In latest Edward Snowden’s profile prepared by Wired two new informations related to US cyberwarfare activity were revealed. First is that NSA caused internet blackout in Syria while trying to deploy exploit in one of Syria’s main routers. Unfortunately instead of accomplishing their goal operatives made router completely unresponsive – effectively cutting off country from foreign internet connections. Combining secret nature of NSA activities with increased rebel activity during that period (November of 2012) the narrative presented by media was naturally much different. Pretty much every major news network claimed (often backed up by source from intelligence / cyber security companies) that Syria’s government is responsible for blackout, and furthermore that it was a deliberate effort in order to prevent global coverage of atrocities that are about to happen. There are two side of this – it might be argued that given unstable situation and callousness of Al-Assad’s regime, government sponsored blackout was the most probable course of action.
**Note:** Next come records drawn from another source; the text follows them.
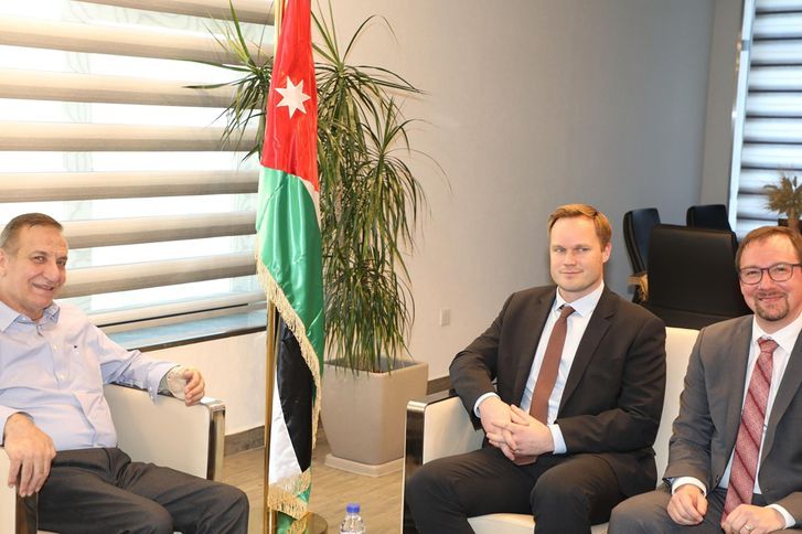 وناقش الخريسات مع الوفد الألماني سير العمل في مشروع "الوظائف الخضراء" الذي تنفذه الوزارة بدعم من بنك الإعمار الألماني، بقيمة 14.5 مليون يورو، ولمدة أربع سنوات، ويهدف إلى خلق 3000 فرصة عمل من خلال برنامج "النقد مقابل العمل".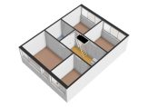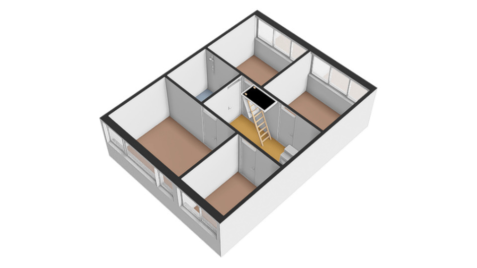 Overloop, de badkamer en een viertal slaapkamers. De slaapkamers meten respectievelijk circa 10, 8, 8 en 5,5 m² en zijn allen afgewerkt met een laminaatvloer.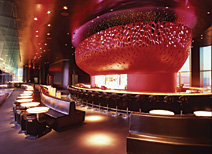 へ足を踏み入れると、壁一面真っ赤なレザーに小さなディスプレイが無数にあり、ステンレスのシルバーがバーカウンターをより一層シャープに引き立たせてい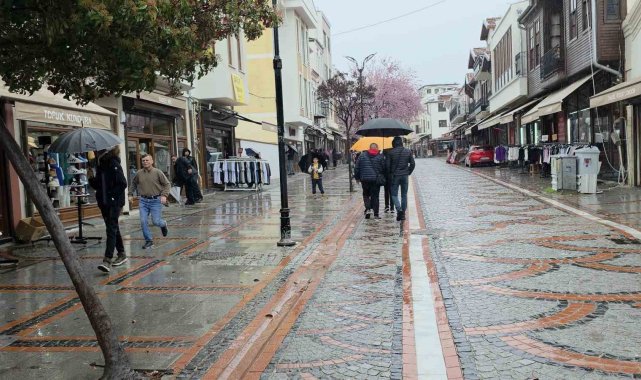 Edirne'de Pazar sabahı etkili olan yağış, kent genelinde serin havayla birlikte günlük yaşamı etkiledi. Sabah saatlerinde başlayan yağmur, cadde ve sokaklarda yoğunluk oluştururken, ortaya kartpostallık görüntüler çıktı.

On the other hand this case brutally reveals how much and to what extend informations about cyberwarfare in all its aspects (be it hacker attacks, cyber espionage, ddos attacks or anything else executed from behind the keyboard) are based on speculations and probability scales. Make no mistake – it is not strictly fault of news networks, or rather it is but there is little they can do about it. In case of rising superpower of news media, the internet outlets of various forms what matters most is page visit counter. While this phenomena is certainly not limited to cyberwarfare reporting, combination of lack of sources, clandestine nature of operations and limited technical knowledge of news staff makes reports even sketchier and more sensationalistic than usual. After all nothing makes a better headline than a cyberattack straight from Tom Clancy’s novel.
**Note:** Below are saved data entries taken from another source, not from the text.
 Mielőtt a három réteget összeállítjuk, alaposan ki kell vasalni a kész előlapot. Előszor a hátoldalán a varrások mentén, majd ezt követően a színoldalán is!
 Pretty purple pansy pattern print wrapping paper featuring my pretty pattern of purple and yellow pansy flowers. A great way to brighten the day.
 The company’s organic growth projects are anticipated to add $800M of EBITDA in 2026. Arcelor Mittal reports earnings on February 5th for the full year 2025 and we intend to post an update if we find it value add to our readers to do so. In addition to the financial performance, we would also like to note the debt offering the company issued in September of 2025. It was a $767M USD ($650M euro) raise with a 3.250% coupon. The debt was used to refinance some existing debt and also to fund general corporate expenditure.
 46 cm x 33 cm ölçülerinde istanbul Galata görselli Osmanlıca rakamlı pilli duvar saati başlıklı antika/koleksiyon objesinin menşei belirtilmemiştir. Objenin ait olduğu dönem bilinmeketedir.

On June the 6th, 2013 Washington Post and The Guardian simultaneously released informations about US surveillance program broader in its scope that anything seen before. Furthermore PRISM as it is called targeted most sensitive data – collecting informations from providers of services that we use so often and for private communication. It is hard to name type of data that was not captured by government. Emails, videos, photos, VoIP and user activity among many more is captured straight from the servers of biggest vendors on the market – Microsoft, Apple and Google to name most significant. Affair become even more movie-like with reveal of man behind the leak. A lone whistleblower who left his family, six figures and comfortable life to reveal abuse of power and had to escape to Hong Kong to conclude in an interview ‘I don’t want to live in a society that does these sort of things’
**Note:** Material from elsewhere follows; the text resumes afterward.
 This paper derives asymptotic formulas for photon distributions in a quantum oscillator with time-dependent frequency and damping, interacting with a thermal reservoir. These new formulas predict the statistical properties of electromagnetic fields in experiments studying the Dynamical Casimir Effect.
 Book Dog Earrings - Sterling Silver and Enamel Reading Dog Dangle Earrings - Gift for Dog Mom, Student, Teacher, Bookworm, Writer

The only reaction that could result from such a revelation was massive and universal outrage expressed on nomen omen, the internet. First responders were naturally tech savvy users from around the world, at least those whose response wasn’t ‘I told you so.’ But coming back to former group it’s really hard to blame them for their reaction. Is it possible not to feel sick while looking at documents saying that basically any of your emails can be accessed without any oversight?